> Extracted records
________
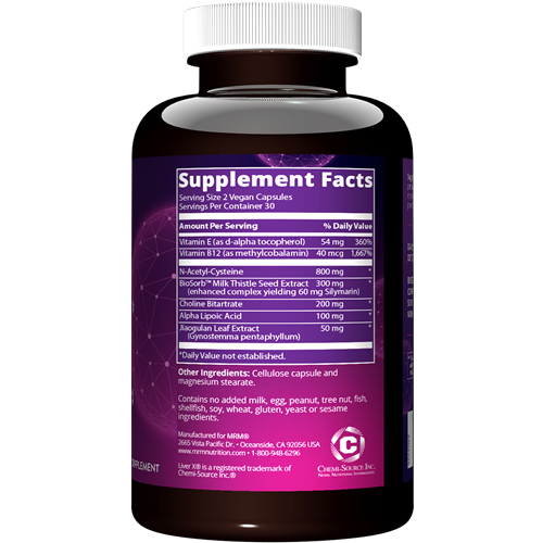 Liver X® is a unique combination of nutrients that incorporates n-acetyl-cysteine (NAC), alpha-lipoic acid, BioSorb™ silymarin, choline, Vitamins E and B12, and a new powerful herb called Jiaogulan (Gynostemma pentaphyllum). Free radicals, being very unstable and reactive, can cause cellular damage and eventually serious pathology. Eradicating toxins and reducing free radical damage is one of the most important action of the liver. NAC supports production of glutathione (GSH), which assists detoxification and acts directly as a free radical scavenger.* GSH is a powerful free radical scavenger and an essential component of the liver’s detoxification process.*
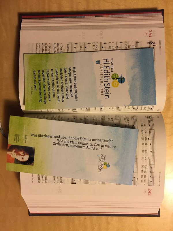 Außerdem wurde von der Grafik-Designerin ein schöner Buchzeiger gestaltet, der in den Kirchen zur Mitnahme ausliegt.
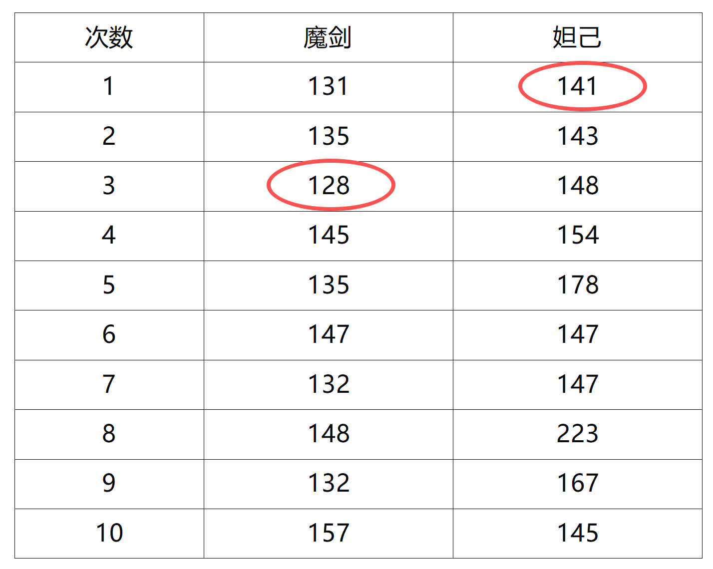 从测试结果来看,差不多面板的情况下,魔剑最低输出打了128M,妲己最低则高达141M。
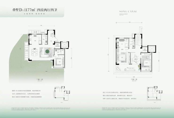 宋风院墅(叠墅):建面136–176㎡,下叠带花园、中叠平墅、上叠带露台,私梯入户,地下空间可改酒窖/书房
________
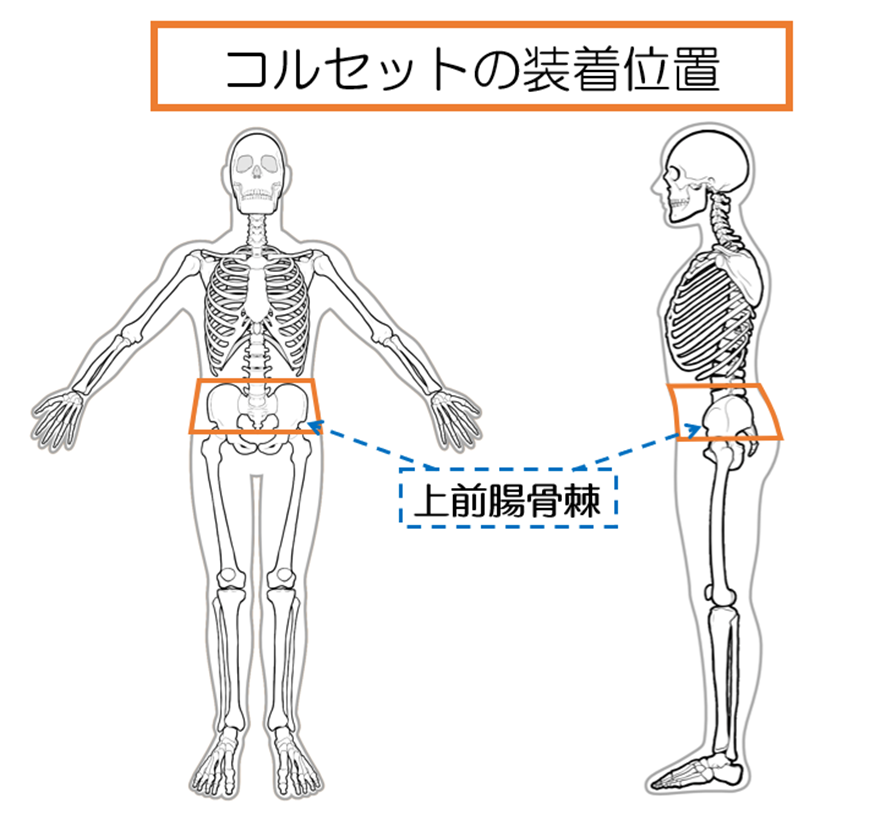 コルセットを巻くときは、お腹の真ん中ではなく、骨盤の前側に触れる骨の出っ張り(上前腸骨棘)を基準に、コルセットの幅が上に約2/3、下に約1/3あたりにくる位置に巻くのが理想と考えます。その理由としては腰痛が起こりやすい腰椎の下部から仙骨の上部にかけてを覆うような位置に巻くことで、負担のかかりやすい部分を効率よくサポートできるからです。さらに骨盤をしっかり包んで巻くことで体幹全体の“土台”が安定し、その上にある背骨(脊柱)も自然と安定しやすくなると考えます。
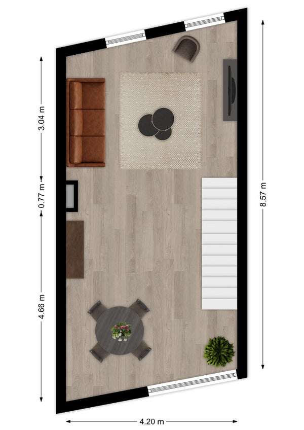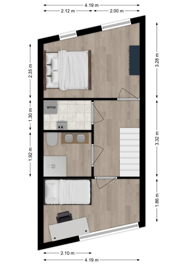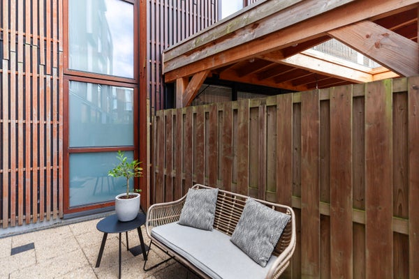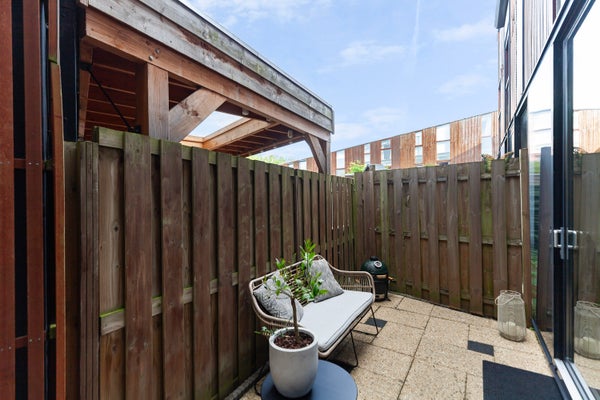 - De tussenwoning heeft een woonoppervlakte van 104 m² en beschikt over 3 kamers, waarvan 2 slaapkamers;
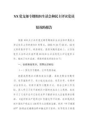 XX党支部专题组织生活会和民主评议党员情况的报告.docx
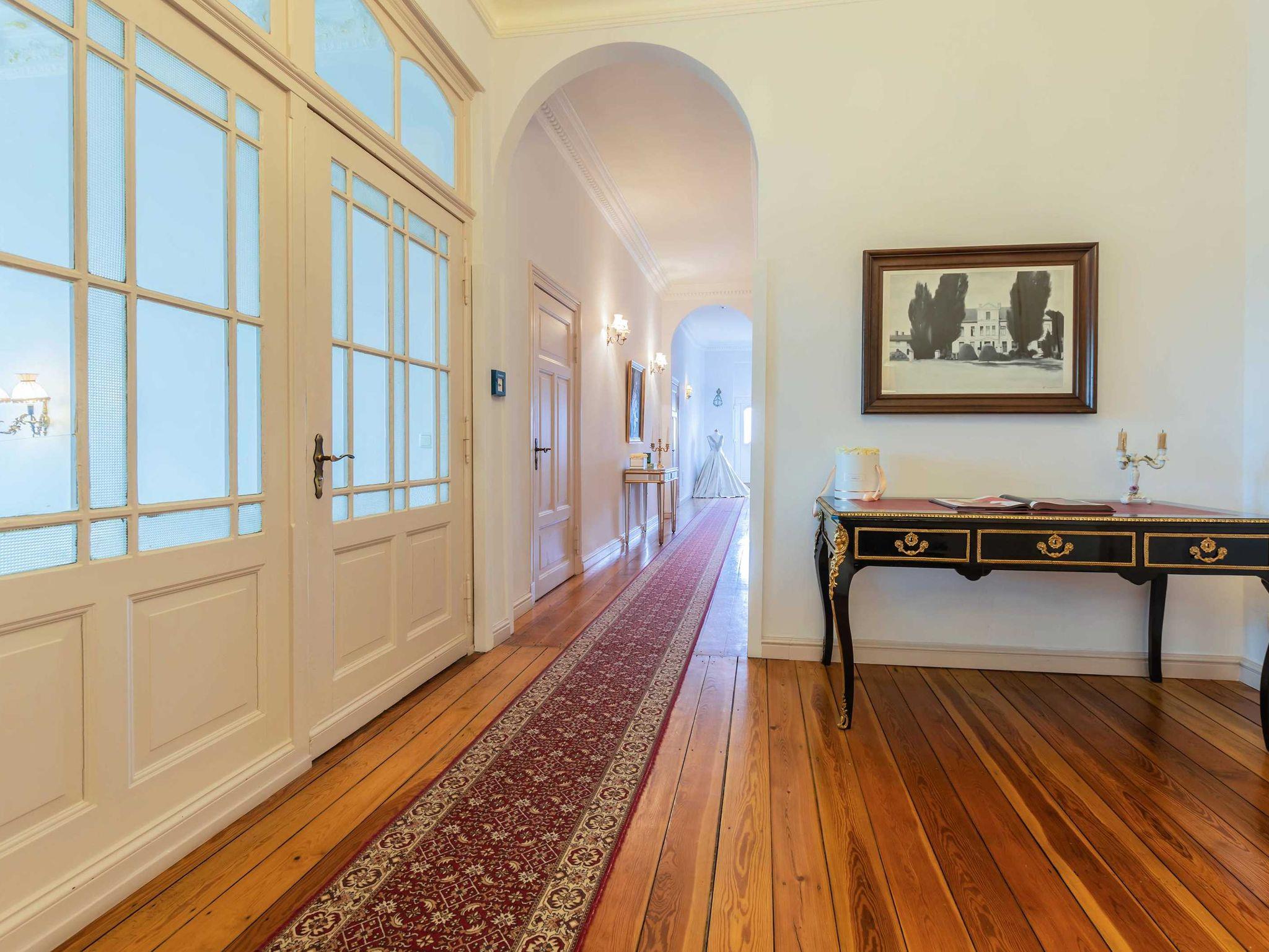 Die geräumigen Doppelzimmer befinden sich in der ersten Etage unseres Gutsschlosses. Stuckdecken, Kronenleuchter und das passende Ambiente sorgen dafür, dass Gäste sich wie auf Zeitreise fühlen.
________
> Task prompt
A clean copy is needed of the lines above from the one with "从测试结果来看,差不多面板的" up to and including the one with "宋风院墅(叠墅):建面136". Please set it down exactly, with no pictures.

> Solution
 从测试结果来看,差不多面板的情况下,魔剑最低输出打了128M,妲己最低则高达141M。
 宋风院墅(叠墅):建面136–176㎡,下叠带花园、中叠平墅、上叠带露台,私梯入户,地下空间可改酒窖/书房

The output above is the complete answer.